Grammar Variational Autoencoder

Authors: Matt J. Kusner, Brooks Paige, José Miguel Hernández-Lobato

ICML 2017 | Conference PDF | Archive PDF | Plain Text | LLM Run Details

Reproducibility Variable Result LLM Response
Research Type Experimental We demonstrate the GVAE on two tasks for generating discrete data: 1) generating simple arithmetic expressions and 2) generating valid molecules. We show not only does our model produce a higher proportion of valid outputs than a character based autoencoder, it also produces smoother latent representations.
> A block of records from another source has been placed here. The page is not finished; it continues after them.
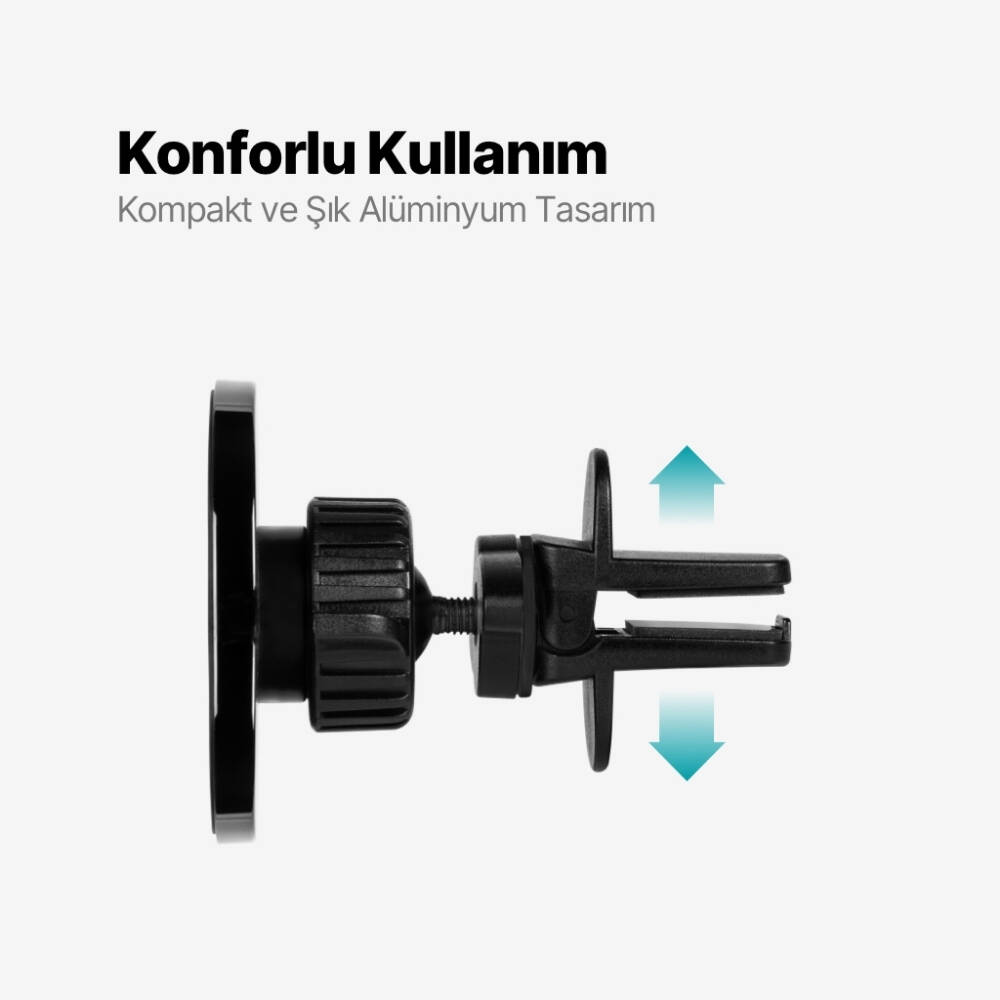 Kompakt ve zarif tasarımıyla araç içi estetiği korurken, 360° dönebilen başlık özelliği sayesinde telefonu dikey veya yatay konumda kullanma imkânı sunar. Bu sayede navigasyon, müzik veya çağrı yönetiminde en uygun görüntüleme açısını kolayca elde edebilirsiniz.
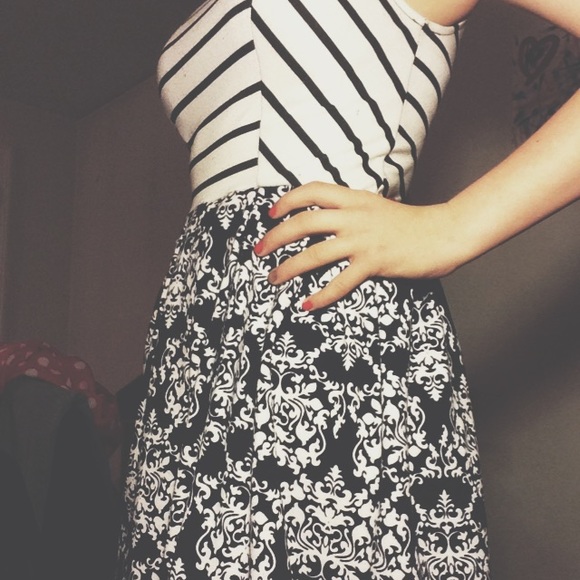 Black and White dress, colorblock "patternblock" black and white stripes on torso, and a dasmac pattern on the bottom. Zipper on the back of the dress, about the length of the torso. Contact me fore more information😊
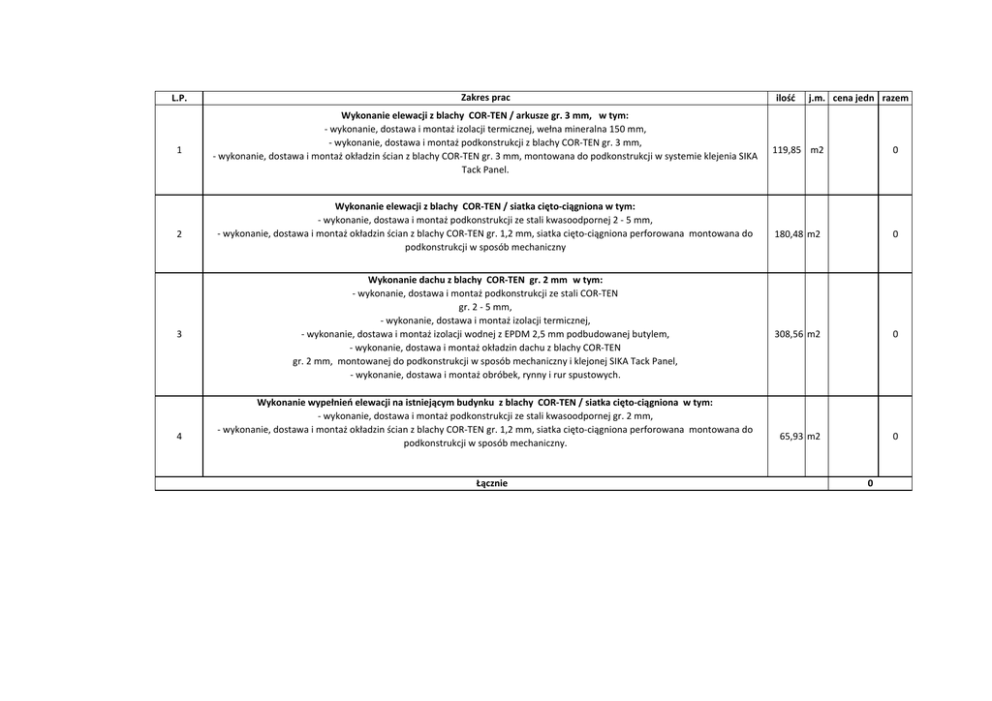 L.P. 1 2 3 4 Zakres prac ilość j.m. cena jedn razem Wykonanie elewacji z blachy COR‐TEN / arkusze gr. 3 mm, w tym: ‐ wykonanie, dostawa i montaż izolacji termicznej, wełna mineralna 150 mm, ‐ wykonanie, dostawa i montaż podkonstrukcji z blachy COR‐TEN gr. 3 mm, 119,85 m2 ‐ wykonanie, dostawa i montaż okładzin ścian z blachy COR‐TEN gr. 3 mm, montowana do podkonstrukcji w systemie klejenia SIKA Tack Panel. 0 Wykonanie elewacji z blachy COR‐TEN / siatka cięto‐ciągniona w tym: ‐ wykonanie, dostawa i montaż podkonstrukcji ze stali kwasoodpornej 2 ‐ 5 mm, ‐ wykonanie, dostawa i montaż okładzin ścian z blachy COR‐TEN gr. 1,2 mm, siatka cięto‐ciągniona perforowana montowana do 180,48 m2 podkonstrukcji w sposób mechaniczny 0 Wykonanie dachu z blachy COR‐TEN gr. 2 mm w tym: ‐ wykonanie, dostawa i montaż podkonstrukcji ze stali COR‐TEN gr. 2 ‐ 5 mm, ‐ wykonanie, dostawa i montaż izolacji termicznej, ‐ wykonanie, dostawa i montaż izolacji wodnej z EPDM 2,5 mm podbudowanej butylem, 308,56 m2 ‐ wykonanie, dostawa i montaż okładzin dachu z blachy COR‐TEN gr. 2 mm, montowanej do podkonstrukcji w sposób mechaniczny i klejonej SIKA Tack Panel, ‐ wykonanie, dostawa i montaż obróbek, rynny i rur spustowych. Wykonanie wypełnień elewacji na istniejącym budynku z blachy COR‐TEN / siatka cięto‐ciągniona w tym: ‐ wykonanie, dostawa i montaż podkonstrukcji ze stali kwasoodpornej gr. 2 mm, ‐ wykonanie, dostawa i montaż okładzin ścian z blachy COR‐TEN gr. 1,2 mm, siatka cięto‐ciągniona perforowana montowana do podkonstrukcji w sposób mechaniczny. Łącznie 0 65,93 m2 0 0

We also show that this learned latent space is effective for searching for arithmetic expressions that fit data, for finding better drug-like molecules, and for making accurate predictions about target properties.
Researcher Affiliation Academia 1Alan Turing Institute 2University of Warwick 3University of Cambridge.
Pseudocode Yes Algorithm 1 Sampling from the decoder
Open Source Code Yes Code available at: https://github.com/mkusner/grammarVAE
Open Datasets Yes The training data for the CVAE and GVAE models are 250,000 SMILES strings (Weininger, 1988) extracted at random from the ZINC database by Gómez-Bombarelli et al. (2016b).
Dataset Splits No The paper mentions a 'left-out test set with 10% of the data' for evaluating the GP model, but does not explicitly specify a validation set for training the VAE or for hyperparameter tuning.
Hardware Specification No The paper does not provide specific hardware details (e.g., GPU/CPU models, memory amounts) used for running the experiments.
Software Dependencies No The paper mentions types of neural networks (e.g., LSTMs, GRUs, DCNNs) and deep convolutional neural networks but does not provide specific software dependencies with version numbers (e.g., PyTorch 1.9, TensorFlow 2.x).
Experiment Setup No The paper describes the probabilistic setup for the VAE (e.g., 'q(z|X) is a Gaussian distribution whose mean and variance parameters are the output of the encoder network, with an isotropic Gaussian prior p(z) = N(0, I)') and optimization method ('gradient descent') but does not provide concrete hyperparameter values such as learning rate, batch size, or number of epochs for the VAE training. It also refers to supplementary material for network architecture details.